Monday, May 21, 2012

Picking up cues

The other night as we were leaving shul after the evening services, one of the regulars was complaining to me about a moderate sense of unwellness that he had been experiencing for several weeks. After being examined by doctors, the results had been inconclusive; as far as they could tell, there was no apparent physical source for this fellow's symptoms - no virus, bacteria, or infection.

I asked him what his symptoms were, and whether he could remember at which point he began to feel unwell. Perhaps there was some new stressor - or new element of a source of stress - that coincided with the presentation of these symptoms. He demurred, not wanting to get into specifics, but he acknowledged that there were external factors that were almost certainly contributing to his state of health. Unable to do anything else, I wished him well and "blessed" him that he should find the strength and resilience to deal with these new elements in a healthy way.

As we parted ways, he thanked me for my concern, and told me that he had thought that I had picked up on his stress much earlier, prior to our traveling to the Holy Land for Pesach. He was one of the few people that I approached with an offer to take a k'vittel to Eretz Yisrael, and he read that as my intuiting that he needed some sort of help dealing with some issues.

In his own words "I thought you picked up on it already back then."

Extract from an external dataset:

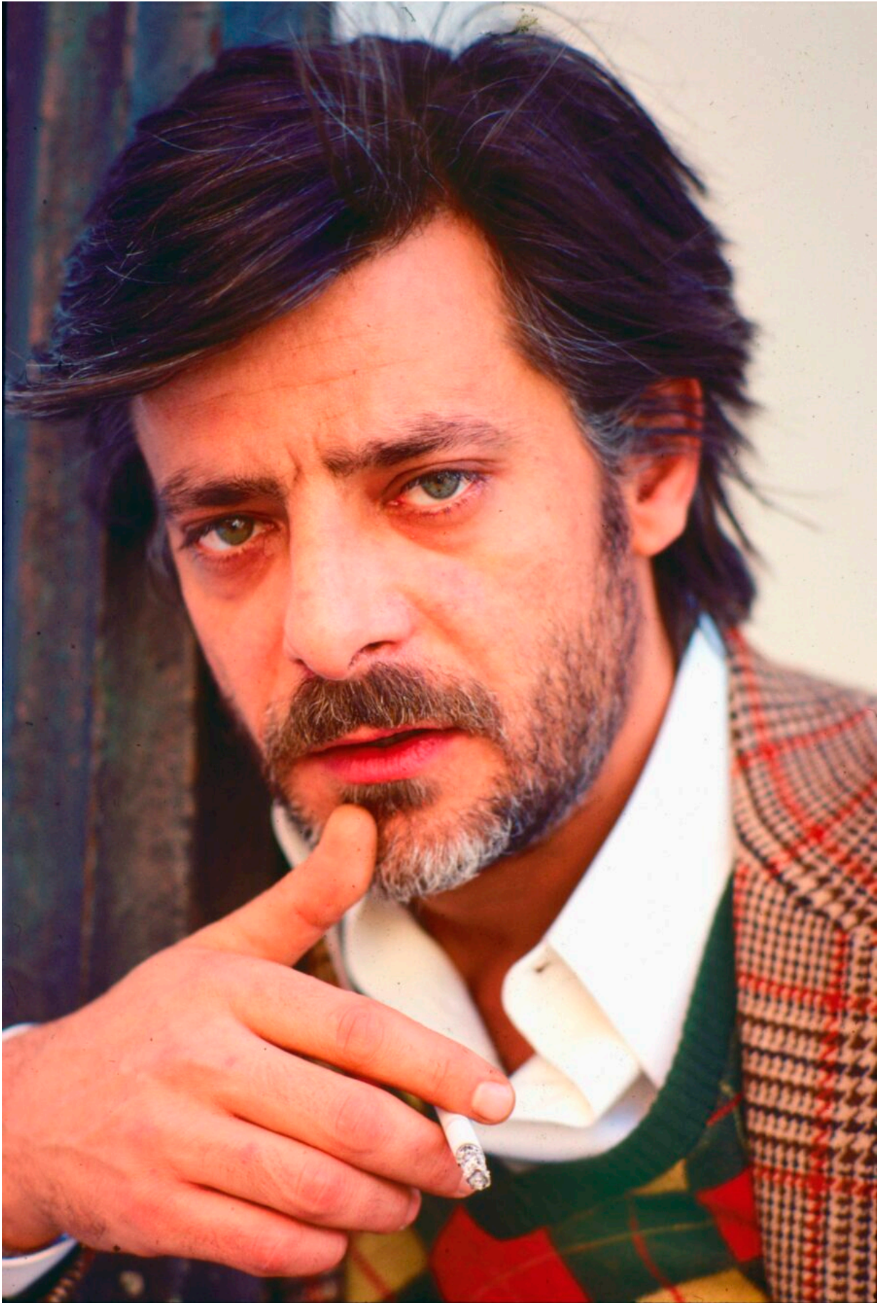
Giancarlo Giannini

For more on Giannini, read my 2019 article here .

Unfortunately, I couldn't honestly say that this was the case; I don't quite know why I approached him over anyone else, although it could be a perceived something at a subconscious level. However, this brought to mind something that I think about often, especially when considering my chosen line of work: I fear sometimes that I don't have the ability to "read" people, to pick up subtleties and non-verbal cues.

I know that listening to people and understanding them is extremely important, and thank God, I try to exemplify that element of counseling. But I am also concerned with what goes on between the lines - to sense things unsaid, to empathize with people when they are trying to communicate silently or unconsciously. That is how I always understood Reb Shlomo Radomsker's explanation of "Gal einai...", that I should be able to see (to sense) another's pain, not just from what they tell me with language, but with their eyes, their gestures.

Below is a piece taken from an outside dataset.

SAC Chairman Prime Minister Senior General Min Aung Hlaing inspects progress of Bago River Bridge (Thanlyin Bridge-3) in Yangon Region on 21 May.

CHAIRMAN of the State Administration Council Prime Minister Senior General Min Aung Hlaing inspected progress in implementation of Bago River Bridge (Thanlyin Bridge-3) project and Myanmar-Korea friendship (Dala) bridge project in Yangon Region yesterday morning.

According to neurological studies, we are wired to empathize with one another through the firing of special brain cells called "mirror neurons" - we see someone performing an act, and our brains mimic the same neural firing associated with the action (despite our not necessarily performing the action at the time). The studies suggest that this gives us an enormous capacity for understanding others' motivations, and even emotional leanings during the performance of the action.

This is an amazing thing that HaShem has encoded into our natures. The question is, is this a skill or ability that can be worked on and improved? How?